| Thanks for the comments! I appreciate the thought put into it. 1. My original thinking was to keep the game simple for casual players. But now I see that there are many who want to get into more depth :) Will work on it to make the rules of the game clearer and give an option for more visual indicators. For now, here are some explanations (which might beg more questions): influence - at the end of each turn, the average color of a tile's neighbors is calculated, and the tile gets 30% of that color (retaining 70% of its original color) threshold - once a tile gets 50% of the way to max-blue or max-green, it gets a dark border and is not selectable. 0% is white. 2. I originally thought about square tiles, but then it would be more complicated to figure out the 'influence' on diagonally adjacent tiles. Hex tiles eliminates that issue. 3. There is a strong 1st mover advantage in this game. To compensate, the 1st green tile is actually at 55% color. I tried to balance the game so that hard AIs on both colors would roughly capture equal number of tiles. Glad you're enjoying the game! |
A few notes.
1. I won twice 30-20 against Easy blue AI and tied against Medium blue by playing goish tactics (start at 3-4 from corners, knights moves, keep blue hexes separate.)
2. The UI lets me move before the colors on the board fully update. Maybe it's my phone that's slow, maybe it's an async implementation.

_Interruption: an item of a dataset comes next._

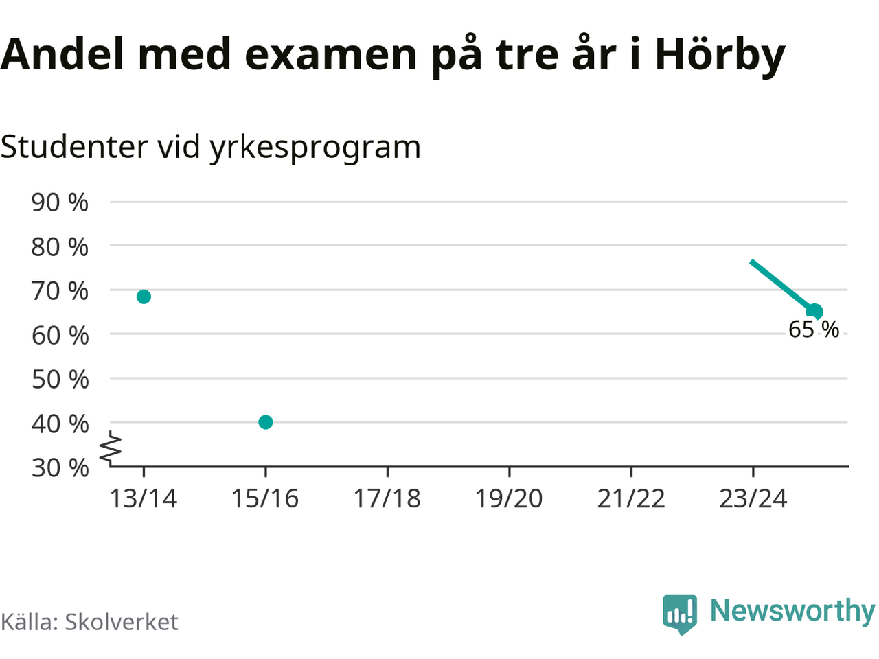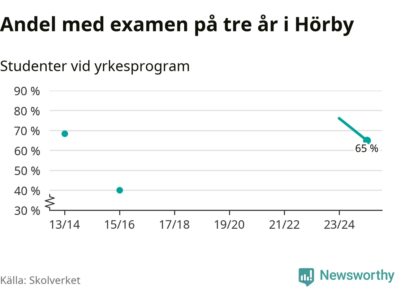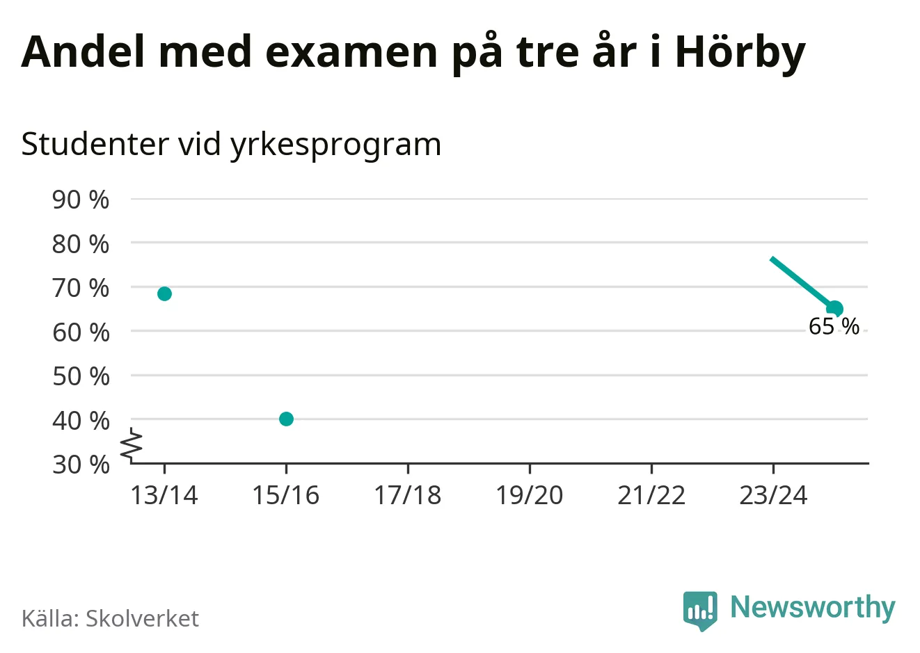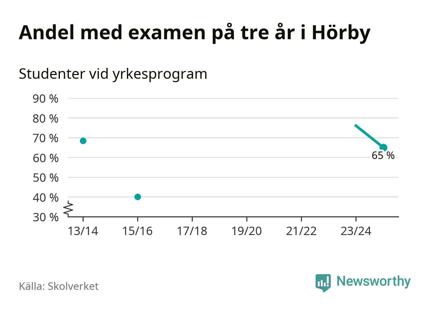 De 20 eleverna som började på Hörby Yrkesgymnasium 2022/23 klarade examen på tre år i lägre utsträckning än elever på yrkesprogram i riket som helhet.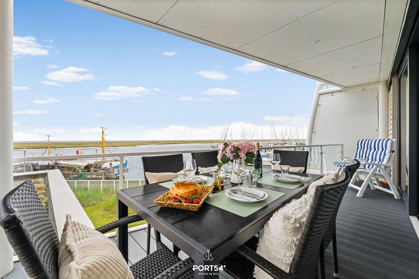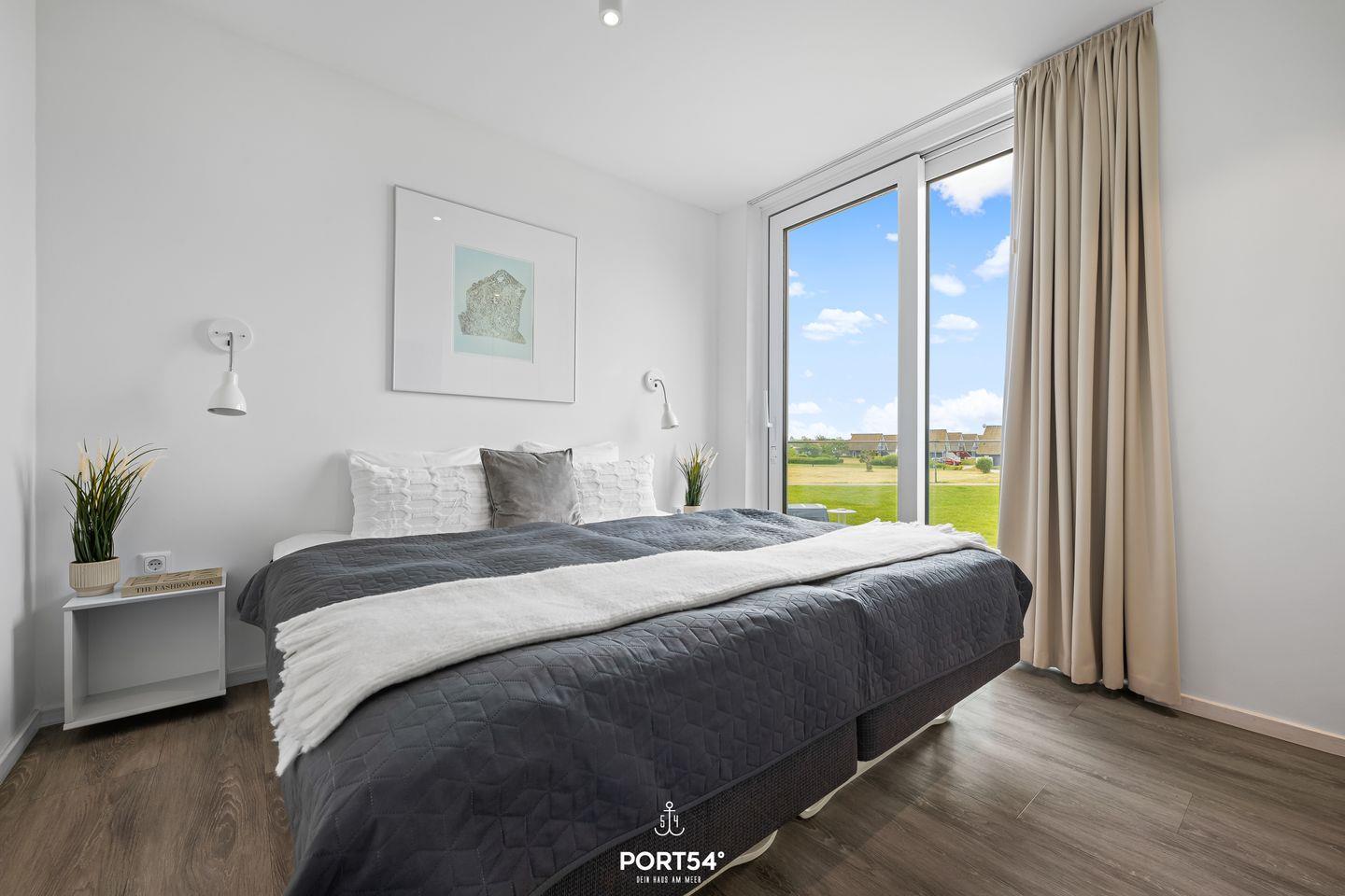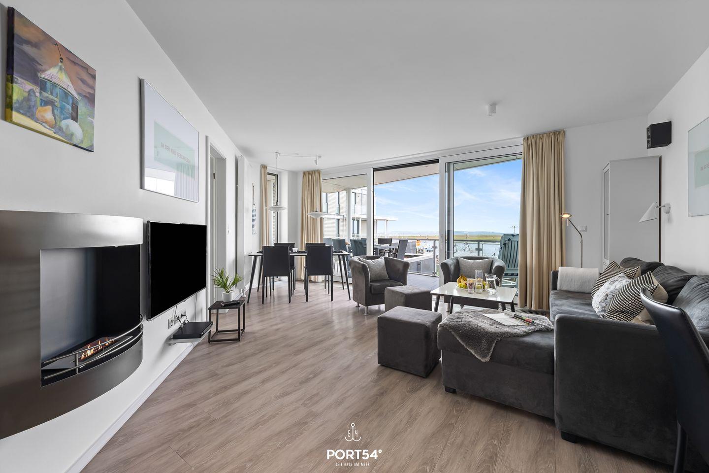 Das Herzstück der Wohnung bildet der offene Wohnbereich, der vom Wohn- und Esszimmer bis zur modernen Küche reicht. Hier kannst du gemeinsame Mahlzeiten zubereiten, während du die wunderschöne Aussicht auf das Meer durch die großen Fenster genießt. Ein besonderes Highlight stellt zudem die Terrasse dar, die mit 24 qm Größe umlaufend um die Wohnung verläuft und dir viele Möglichkeiten bietet, die frische Meeresluft im Freien zu genießen. Die voll ausgestattete Küche lässt keine Wünsche offen und bietet dir alles, was du für deinen Aufenthalt benötigst: von der Spülmaschine bis hin zur Espressomaschine, um deinen Morgen mit einer köstlichen Tasse Kaffee zu beginnen.

3. The game is quite fast because there seems to be little to think about. Of course I played only three games, if I played 100 of them I might start to notice patterns and foresee them even if I might still be unable to read the exact values. Even more so after 100 games.
4. Hexes are OK.
5. The overall first impression is good with that undeterministic feeling which in my case is also a bit too much unsatisfactory.